OFTEN over the years, especially as more than one of my grandsons takes part in that other game called rugby, I have my leg pulled when watching them play.

Die-hards of the 15-man sport poke fun at some of the goings-on which they have read about in professional football.

I can’t wait to see some of them in the coming school season after the Harlequins fiasco.

You could try to laugh it off when you see that one of their staff paid £3.95 for some fake blood capsules from a joke shop in Clapham Junction which were then to be used when a player needed to feign injury for a blood substitution.

Joking apart, though, it is obviously one of the most serious problems to have hit the good game in its long history.

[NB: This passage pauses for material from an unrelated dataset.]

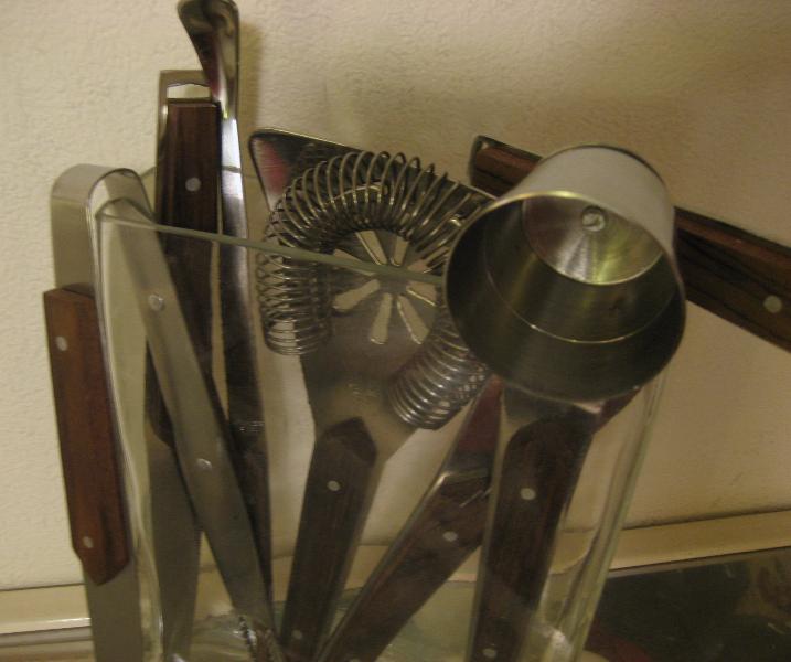 | ビンテージBARウェアセット / 60-70年代 USA. ウッドハンドルのモダンなBARツールセット。内容はスプーン ・ バーナイフ ・ ジガー(計量カップ) ・ ボトル&カンオープナー ・ ストレーナー(こし器) ・ コルクスクリュー ・ トング の7pcコンプリートセット。各ツールのステンレス部分は"JAPAN"メイド。クールでGOODなビンテージコレクティブルピース! ※写真のガラスポットは含みません(ツールのみです) |

Apart from the fact that nearly everyone involved in any sport takes an interest in other professions, the thing that stuck out to me was that Harlequins hired lawyers to try to stop the punishment going as far as expulsion from a particular competition or a points deduction by using the Tevez affair as an example Their argument was that it would not be appropriate because ‘a substantial number of innocent persons would have thereby suffered a serious detriment.’ If in fact that argument meant West Ham did not have points deducted over the Carlos Tevez affair, how come the likes of our beloved Saints and others in the lower divisions have got to accept without any argument starting a season so far behind the others that unless they get wins in the first month the talk is more about avoiding relegation than getting promotion?

Could it be there is one rule for the Premiership and another one for the rest?

Obviously since the Premiership broke away there has been huge differences in the injection of cash in particular.

But surely when it comes to harming the innocents, and by that I mean loyal supporters, it should be the same argument for Harlequins and West Ham.